Your output should be exactly the lines from the one containing "A contemporary Sharp" through the last line of the listing, and nothing else. Pictures stay out.

Dataset extract
——

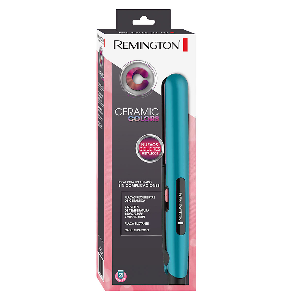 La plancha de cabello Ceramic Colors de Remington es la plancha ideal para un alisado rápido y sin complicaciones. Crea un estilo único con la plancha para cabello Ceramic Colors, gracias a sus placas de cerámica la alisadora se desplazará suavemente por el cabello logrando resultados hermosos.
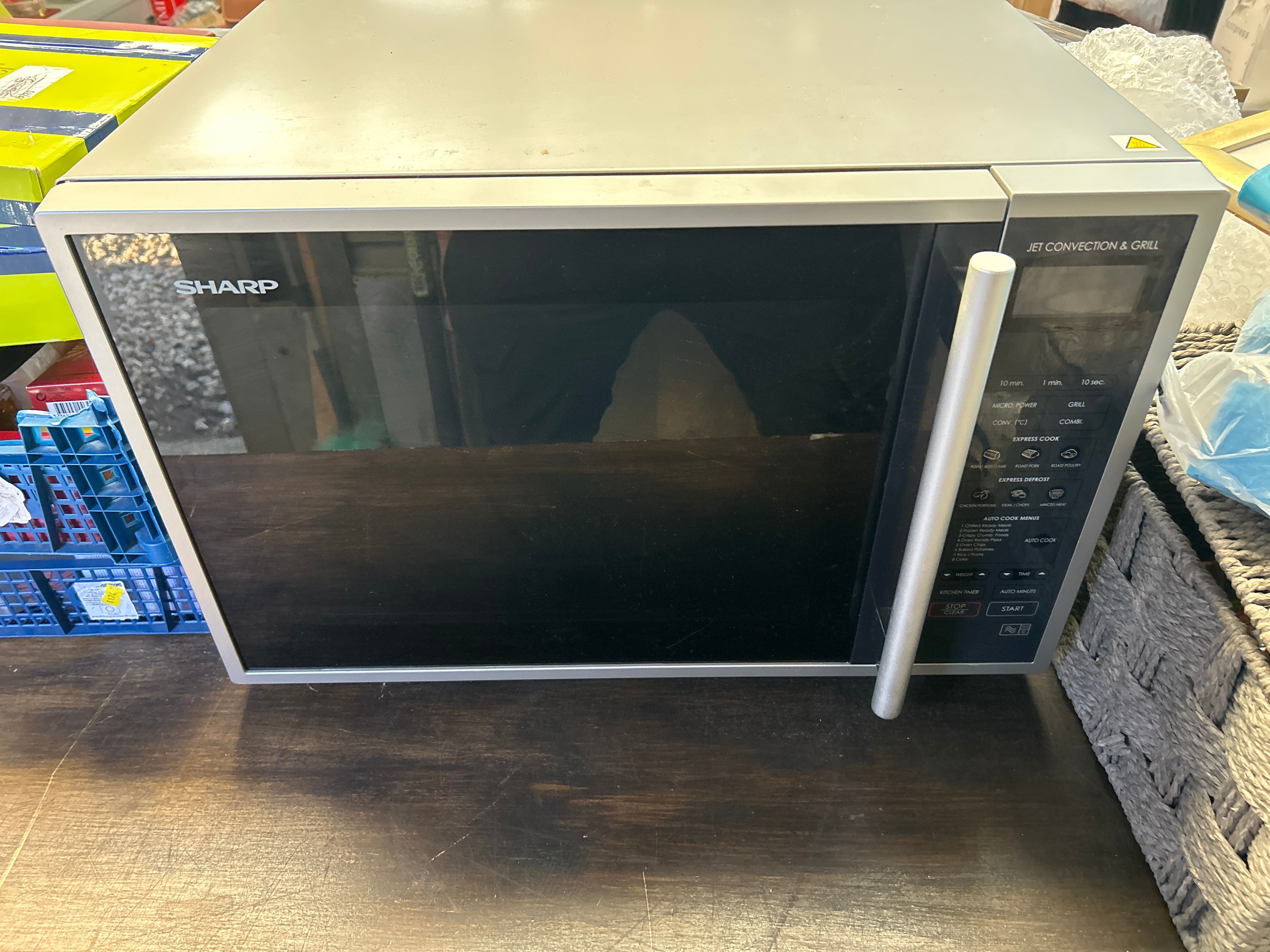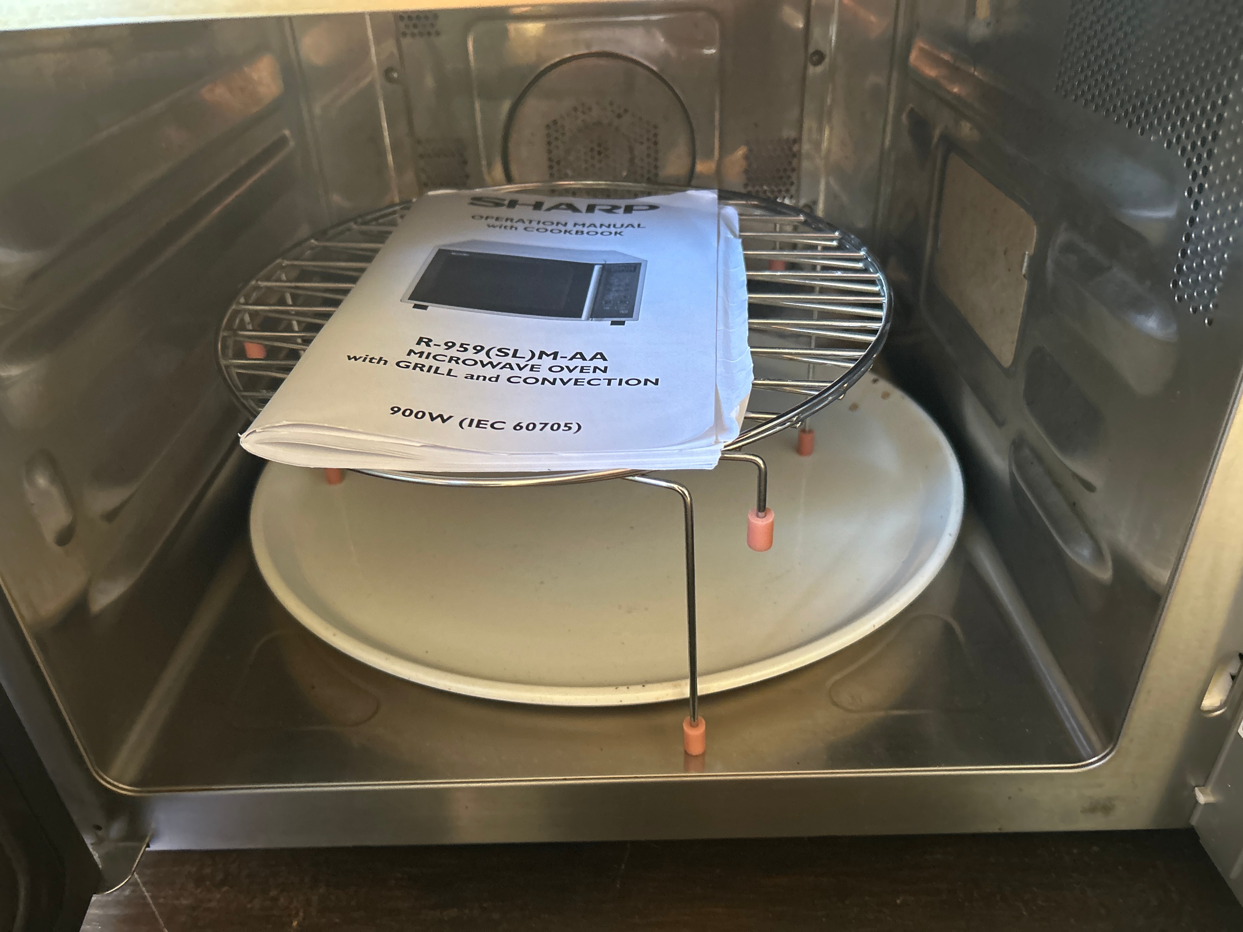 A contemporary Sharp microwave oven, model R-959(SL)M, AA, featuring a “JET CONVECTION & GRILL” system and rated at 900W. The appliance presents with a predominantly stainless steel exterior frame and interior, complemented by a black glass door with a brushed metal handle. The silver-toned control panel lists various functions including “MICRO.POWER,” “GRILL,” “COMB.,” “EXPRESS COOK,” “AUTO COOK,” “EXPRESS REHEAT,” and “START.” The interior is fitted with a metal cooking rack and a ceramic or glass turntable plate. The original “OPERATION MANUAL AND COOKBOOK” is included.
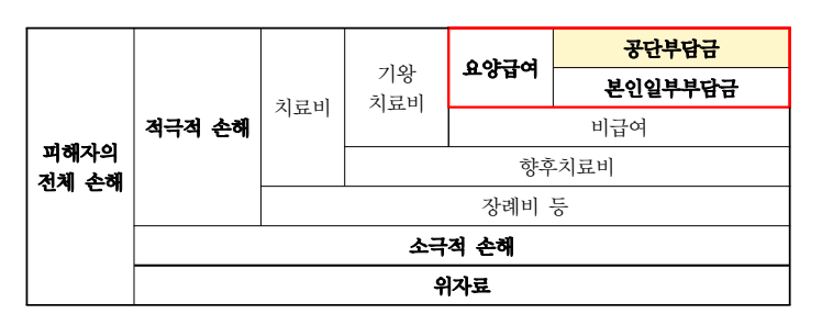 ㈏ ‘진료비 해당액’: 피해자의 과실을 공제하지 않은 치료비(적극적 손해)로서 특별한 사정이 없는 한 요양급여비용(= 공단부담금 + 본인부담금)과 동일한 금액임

——

Exercise answer
 A contemporary Sharp microwave oven, model R-959(SL)M, AA, featuring a “JET CONVECTION & GRILL” system and rated at 900W. The appliance presents with a predominantly stainless steel exterior frame and interior, complemented by a black glass door with a brushed metal handle. The silver-toned control panel lists various functions including “MICRO.POWER,” “GRILL,” “COMB.,” “EXPRESS COOK,” “AUTO COOK,” “EXPRESS REHEAT,” and “START.” The interior is fitted with a metal cooking rack and a ceramic or glass turntable plate. The original “OPERATION MANUAL AND COOKBOOK” is included.
 ㈏ ‘진료비 해당액’: 피해자의 과실을 공제하지 않은 치료비(적극적 손해)로서 특별한 사정이 없는 한 요양급여비용(= 공단부담금 + 본인부담금)과 동일한 금액임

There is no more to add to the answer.